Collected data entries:
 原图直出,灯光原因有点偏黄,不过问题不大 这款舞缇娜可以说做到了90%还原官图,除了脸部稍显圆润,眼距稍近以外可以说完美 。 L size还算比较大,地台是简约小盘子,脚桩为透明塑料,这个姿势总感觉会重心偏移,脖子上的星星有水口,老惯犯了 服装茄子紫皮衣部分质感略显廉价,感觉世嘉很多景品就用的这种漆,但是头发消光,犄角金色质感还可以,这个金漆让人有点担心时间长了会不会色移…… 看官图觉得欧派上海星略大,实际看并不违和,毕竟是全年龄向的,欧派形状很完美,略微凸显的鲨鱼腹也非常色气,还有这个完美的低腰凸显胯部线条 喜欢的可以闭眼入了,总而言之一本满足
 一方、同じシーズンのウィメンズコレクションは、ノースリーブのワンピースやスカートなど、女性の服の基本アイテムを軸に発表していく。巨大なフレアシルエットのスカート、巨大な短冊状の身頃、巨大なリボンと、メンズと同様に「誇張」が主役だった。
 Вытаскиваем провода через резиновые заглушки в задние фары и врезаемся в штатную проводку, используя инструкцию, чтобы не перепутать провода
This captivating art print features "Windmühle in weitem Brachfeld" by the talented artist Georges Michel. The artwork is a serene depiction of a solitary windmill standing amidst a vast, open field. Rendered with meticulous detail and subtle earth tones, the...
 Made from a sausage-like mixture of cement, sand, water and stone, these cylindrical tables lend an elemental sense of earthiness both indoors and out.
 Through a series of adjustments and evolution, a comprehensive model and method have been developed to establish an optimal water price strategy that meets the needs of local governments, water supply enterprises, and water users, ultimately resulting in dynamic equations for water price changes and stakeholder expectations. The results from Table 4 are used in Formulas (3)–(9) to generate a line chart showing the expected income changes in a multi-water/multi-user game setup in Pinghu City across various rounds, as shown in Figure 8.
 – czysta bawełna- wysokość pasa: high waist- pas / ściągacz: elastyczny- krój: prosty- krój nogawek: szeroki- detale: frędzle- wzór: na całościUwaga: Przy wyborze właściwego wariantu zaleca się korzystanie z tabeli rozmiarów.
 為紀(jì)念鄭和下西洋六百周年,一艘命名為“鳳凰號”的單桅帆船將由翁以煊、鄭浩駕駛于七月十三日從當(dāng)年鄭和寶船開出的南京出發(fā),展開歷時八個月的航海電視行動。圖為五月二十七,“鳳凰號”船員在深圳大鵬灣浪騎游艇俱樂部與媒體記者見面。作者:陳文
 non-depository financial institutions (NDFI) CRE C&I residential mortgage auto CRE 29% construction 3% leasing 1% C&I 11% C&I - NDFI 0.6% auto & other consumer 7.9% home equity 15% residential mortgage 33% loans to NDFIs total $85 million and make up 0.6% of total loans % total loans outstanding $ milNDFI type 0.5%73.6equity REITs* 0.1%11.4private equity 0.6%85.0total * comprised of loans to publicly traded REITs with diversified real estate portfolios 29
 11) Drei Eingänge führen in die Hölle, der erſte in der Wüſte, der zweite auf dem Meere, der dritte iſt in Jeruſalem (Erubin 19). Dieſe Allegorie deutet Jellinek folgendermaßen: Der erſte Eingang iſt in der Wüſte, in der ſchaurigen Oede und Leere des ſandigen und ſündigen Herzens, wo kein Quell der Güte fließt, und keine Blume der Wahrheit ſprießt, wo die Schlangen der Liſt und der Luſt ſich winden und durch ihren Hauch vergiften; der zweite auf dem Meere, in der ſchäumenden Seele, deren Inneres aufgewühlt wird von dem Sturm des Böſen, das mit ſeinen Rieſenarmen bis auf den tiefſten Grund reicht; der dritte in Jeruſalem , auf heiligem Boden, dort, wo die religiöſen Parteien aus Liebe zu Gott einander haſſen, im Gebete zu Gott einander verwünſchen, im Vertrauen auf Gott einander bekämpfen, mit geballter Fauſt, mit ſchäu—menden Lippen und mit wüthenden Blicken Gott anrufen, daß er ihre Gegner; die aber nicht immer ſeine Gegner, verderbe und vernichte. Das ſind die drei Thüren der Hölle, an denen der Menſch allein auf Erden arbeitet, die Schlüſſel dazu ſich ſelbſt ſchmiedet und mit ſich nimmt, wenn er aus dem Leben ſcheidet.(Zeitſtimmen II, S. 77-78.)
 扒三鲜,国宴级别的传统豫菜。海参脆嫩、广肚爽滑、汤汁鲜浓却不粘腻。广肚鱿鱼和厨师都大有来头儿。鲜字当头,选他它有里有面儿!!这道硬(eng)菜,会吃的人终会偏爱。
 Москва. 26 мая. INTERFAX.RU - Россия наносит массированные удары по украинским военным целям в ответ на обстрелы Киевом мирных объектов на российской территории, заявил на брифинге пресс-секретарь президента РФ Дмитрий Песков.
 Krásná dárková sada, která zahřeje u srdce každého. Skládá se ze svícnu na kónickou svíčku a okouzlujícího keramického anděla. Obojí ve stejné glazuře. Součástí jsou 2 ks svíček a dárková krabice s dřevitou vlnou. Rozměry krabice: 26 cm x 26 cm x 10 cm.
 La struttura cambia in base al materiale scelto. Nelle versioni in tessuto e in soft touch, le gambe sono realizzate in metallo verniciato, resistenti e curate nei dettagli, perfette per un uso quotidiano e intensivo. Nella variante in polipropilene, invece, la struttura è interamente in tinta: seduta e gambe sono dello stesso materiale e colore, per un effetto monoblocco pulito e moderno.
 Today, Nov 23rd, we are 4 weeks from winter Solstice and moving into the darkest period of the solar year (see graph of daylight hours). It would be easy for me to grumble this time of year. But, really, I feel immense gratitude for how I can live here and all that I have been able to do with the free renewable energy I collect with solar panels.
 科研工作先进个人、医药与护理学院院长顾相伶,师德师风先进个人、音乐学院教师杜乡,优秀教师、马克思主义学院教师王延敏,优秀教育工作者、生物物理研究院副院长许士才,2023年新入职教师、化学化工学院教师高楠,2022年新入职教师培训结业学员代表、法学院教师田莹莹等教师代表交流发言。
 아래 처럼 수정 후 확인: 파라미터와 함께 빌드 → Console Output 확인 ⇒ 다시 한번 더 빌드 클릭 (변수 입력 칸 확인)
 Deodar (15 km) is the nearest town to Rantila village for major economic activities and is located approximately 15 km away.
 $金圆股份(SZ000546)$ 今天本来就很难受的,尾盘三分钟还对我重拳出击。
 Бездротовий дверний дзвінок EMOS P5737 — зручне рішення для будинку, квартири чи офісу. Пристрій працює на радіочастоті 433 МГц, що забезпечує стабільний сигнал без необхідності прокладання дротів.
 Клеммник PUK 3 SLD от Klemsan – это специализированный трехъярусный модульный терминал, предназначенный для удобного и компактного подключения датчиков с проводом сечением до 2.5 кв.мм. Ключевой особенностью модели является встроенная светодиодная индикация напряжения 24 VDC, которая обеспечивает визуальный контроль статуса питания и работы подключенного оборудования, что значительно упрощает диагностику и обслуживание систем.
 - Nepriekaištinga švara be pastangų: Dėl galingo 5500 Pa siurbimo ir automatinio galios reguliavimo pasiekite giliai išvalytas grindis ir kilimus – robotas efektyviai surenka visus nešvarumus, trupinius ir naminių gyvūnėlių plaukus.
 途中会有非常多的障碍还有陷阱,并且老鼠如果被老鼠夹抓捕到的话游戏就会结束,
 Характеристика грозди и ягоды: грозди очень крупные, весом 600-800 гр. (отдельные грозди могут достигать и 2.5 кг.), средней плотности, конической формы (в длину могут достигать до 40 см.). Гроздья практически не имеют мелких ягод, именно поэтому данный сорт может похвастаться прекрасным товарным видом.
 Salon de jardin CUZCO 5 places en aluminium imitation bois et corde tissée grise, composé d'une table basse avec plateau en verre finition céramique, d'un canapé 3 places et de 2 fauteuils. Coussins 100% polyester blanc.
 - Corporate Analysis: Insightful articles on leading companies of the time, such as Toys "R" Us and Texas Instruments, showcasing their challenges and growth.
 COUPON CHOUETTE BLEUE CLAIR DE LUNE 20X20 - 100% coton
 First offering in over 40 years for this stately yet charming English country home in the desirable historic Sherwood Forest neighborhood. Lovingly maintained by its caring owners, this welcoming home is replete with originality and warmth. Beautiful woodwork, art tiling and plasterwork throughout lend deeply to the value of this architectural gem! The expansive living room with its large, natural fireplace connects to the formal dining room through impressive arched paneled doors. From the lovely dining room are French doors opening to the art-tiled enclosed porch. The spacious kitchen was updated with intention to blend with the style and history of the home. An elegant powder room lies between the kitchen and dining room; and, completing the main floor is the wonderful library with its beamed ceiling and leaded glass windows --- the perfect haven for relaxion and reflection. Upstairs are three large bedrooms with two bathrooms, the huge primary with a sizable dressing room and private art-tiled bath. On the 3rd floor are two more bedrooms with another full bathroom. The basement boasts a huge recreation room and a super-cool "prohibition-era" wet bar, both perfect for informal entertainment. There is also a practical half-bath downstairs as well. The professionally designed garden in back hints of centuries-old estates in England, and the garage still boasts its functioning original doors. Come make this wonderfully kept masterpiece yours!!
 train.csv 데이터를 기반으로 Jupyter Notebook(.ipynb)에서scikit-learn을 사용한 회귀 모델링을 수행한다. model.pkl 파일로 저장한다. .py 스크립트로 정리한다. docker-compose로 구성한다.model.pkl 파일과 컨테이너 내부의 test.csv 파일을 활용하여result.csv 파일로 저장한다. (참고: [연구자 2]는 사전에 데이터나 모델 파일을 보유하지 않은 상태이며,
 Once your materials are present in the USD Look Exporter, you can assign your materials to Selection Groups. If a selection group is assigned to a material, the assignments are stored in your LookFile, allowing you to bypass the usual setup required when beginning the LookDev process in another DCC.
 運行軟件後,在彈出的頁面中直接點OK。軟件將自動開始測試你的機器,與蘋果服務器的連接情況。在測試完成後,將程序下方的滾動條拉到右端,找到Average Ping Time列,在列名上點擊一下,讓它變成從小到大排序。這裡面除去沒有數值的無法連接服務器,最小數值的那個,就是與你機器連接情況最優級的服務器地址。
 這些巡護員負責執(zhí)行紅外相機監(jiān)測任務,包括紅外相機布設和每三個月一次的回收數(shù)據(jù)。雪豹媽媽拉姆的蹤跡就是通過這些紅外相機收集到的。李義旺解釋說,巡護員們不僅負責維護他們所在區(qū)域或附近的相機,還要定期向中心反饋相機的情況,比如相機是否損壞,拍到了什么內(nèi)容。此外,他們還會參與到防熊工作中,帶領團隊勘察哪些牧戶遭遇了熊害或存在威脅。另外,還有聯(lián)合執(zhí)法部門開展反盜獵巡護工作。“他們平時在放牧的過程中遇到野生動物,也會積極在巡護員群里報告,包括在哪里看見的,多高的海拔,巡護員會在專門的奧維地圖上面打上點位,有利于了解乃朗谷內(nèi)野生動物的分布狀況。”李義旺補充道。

# [Problem details]
The lines of the data, from the first through the one containing "Through a series", are to be transcribed exactly.

# [Your solution]
 原图直出,灯光原因有点偏黄,不过问题不大 这款舞缇娜可以说做到了90%还原官图,除了脸部稍显圆润,眼距稍近以外可以说完美 。 L size还算比较大,地台是简约小盘子,脚桩为透明塑料,这个姿势总感觉会重心偏移,脖子上的星星有水口,老惯犯了 服装茄子紫皮衣部分质感略显廉价,感觉世嘉很多景品就用的这种漆,但是头发消光,犄角金色质感还可以,这个金漆让人有点担心时间长了会不会色移…… 看官图觉得欧派上海星略大,实际看并不违和,毕竟是全年龄向的,欧派形状很完美,略微凸显的鲨鱼腹也非常色气,还有这个完美的低腰凸显胯部线条 喜欢的可以闭眼入了,总而言之一本满足
 一方、同じシーズンのウィメンズコレクションは、ノースリーブのワンピースやスカートなど、女性の服の基本アイテムを軸に発表していく。巨大なフレアシルエットのスカート、巨大な短冊状の身頃、巨大なリボンと、メンズと同様に「誇張」が主役だった。
 Вытаскиваем провода через резиновые заглушки в задние фары и врезаемся в штатную проводку, используя инструкцию, чтобы не перепутать провода
This captivating art print features "Windmühle in weitem Brachfeld" by the talented artist Georges Michel. The artwork is a serene depiction of a solitary windmill standing amidst a vast, open field. Rendered with meticulous detail and subtle earth tones, the...
 Made from a sausage-like mixture of cement, sand, water and stone, these cylindrical tables lend an elemental sense of earthiness both indoors and out.
 Through a series of adjustments and evolution, a comprehensive model and method have been developed to establish an optimal water price strategy that meets the needs of local governments, water supply enterprises, and water users, ultimately resulting in dynamic equations for water price changes and stakeholder expectations. The results from Table 4 are used in Formulas (3)–(9) to generate a line chart showing the expected income changes in a multi-water/multi-user game setup in Pinghu City across various rounds, as shown in Figure 8.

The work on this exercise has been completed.